Thanks for seeding this discussion Jesse!

w.r.t. Counting Events: I think it can be a bit challenging to figure out the true amount of time the system is executing vs sleeping through only the counters in /sys/devices/system/cpu/cpu<N>/cpuidle/*. We found (on Intel) that some simple PMCs can help with that, specifically the CPU_CLK_UNHALTED.REF counter which counts the unhalted cycles of the CPU at a fixed RDTSC rate. Basically, you can instrument it between a region of code so that you can figure out the time the CPU was processing instructions vs halted and that can effectively give you a ratio of how long it was sleeping. Note, you still don't know which sleep state it was in but that's something I suppose you can tie in with the /sys counters.

w.r.t. Benchmarks: I'm also curious in general how common optimizations people have done to improve network performance affects power? For example if we can support the same workload but with fewer instructions, then that automatically means lower power consumption right? Things that pop to my mind: bypassing some of the kernel, replacing TCP with UDP, impact of having a dedicated polling to reap packets for multiple workers (might not be a way around this for very low latency apps)

- Han

On Tue, Dec 5, 2023 at 3:45 PM Jesse Brandeburg <jesse.brandeburg@intel.com> wrote:
On 12/5/2023 11:21 AM, Hagen Paul Pfeifer wrote:
> * Brandeburg, Jesse | 2023-12-05 18:58:37 [+0000]:
>
> Hey Jesse
>
>> We thought it might be a useful start to figure out a good set of benchmarks
>> to demonstrate "power vs networking" problems. I have a couple in mind right
>> away. One is "system is sleeping but I'm trying to run a latency sensitive
>> workload and the latency sucks" Two is "system is sleeping and my
>> single-threaded bulk throughput benchmark (netperf/iperf2/neper/etc) shows a
>> lot of retransmits and / or receiver drops"
>
> The first is a good - but rather unreasonable, isn't it? RT guys setting max_cstate
> to 1 or so to guarantee a low latency, deterministic RT behavior. I think that
> if low latency is the ultimate goal, compromises must inevitably be made in
> the PM domain.

I think you're thinking too small/detailed. RT is also a special case,
but the deadlines for 100G+ networking are much shorter (microseconds or
nanoseconds) than the RT deadlines (usually milliseconds)

>
> The second it don't get (e.g.):
>   - CPU is in idle state C10
>   - NIC wakeup and interrupt CPU interrupt controller
>   - CPU C10 -> C0

takes at least 890 us, maybe longer (from my really old Intel(R)
Core(TM) i7-8700K CPU @ 3.70GHz)
C10:
Flags/Description: MWAIT 0x60
Latency: 890

>   - softirq and packet will be processed until delivered to netperf/iperf2/neper
>
> Where do the retransmits/drops occur here? Sure C10 -> C0 takes some wakeup
> penalty, but no drop.

quick math at 100Gb/s
64 byte arrival rate: 0.00672us
1518 byte arrival rate: 0.12304us

890us / 0.00672us = 132,440 packets per wakeup
890us / 0.12304us = 7,233 packets per wakeup

So, this means that you have to have at least that many receive
descriptors (one per packet) pre-allocated to hold those packets until
your CPU wakes up and starts processing the initial interrupt.

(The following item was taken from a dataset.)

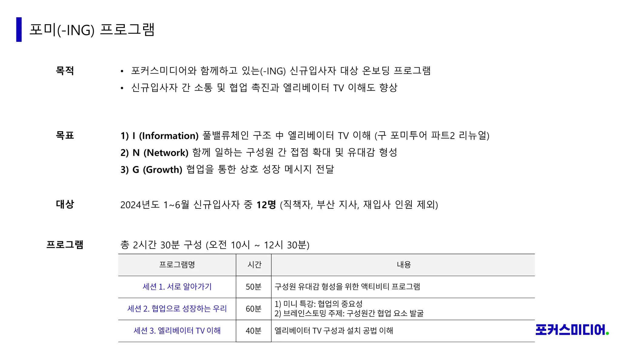 수시 채용으로 인해 ‘동기’라는 개념이 흐려지면서, 서로 소통하거나 협업을 요청하는 데 어려움을 겪는 경우가 많아졌는데요. 이러한 문제를 해결하고자, 신규 구성원들이 회사에 대한 이해를 높이고 자연스럽게 네트워킹할 수 있는 기회를 제공하기 위해 포미(~ING)를 기획하게 되었습니다.

Our default 2,048 descriptor rings are able to hold 13us and 252us,
respectively, of packets on one ring.

If the DMA was asleep due to PC6+ state then the only storage is on the
NIC FIFO, and the timelines are much shorter.

>
> Jesse, I wonder if the benchmarks lead to much? Can we use them to make
> measurements that are comparable? What do you want to achieve with the
> benchmarks? Sorry for asking these questions! ;-)

Of course that's the goal :-) And I like the questions, keep em coming!

I'm hoping to start us on the path of a) including some knowledge of the
wake latency and system behavior in the networking layer. b) Some back
and forth communication from the networking layer to the scheduler and
CPU power manager based on that knowledge.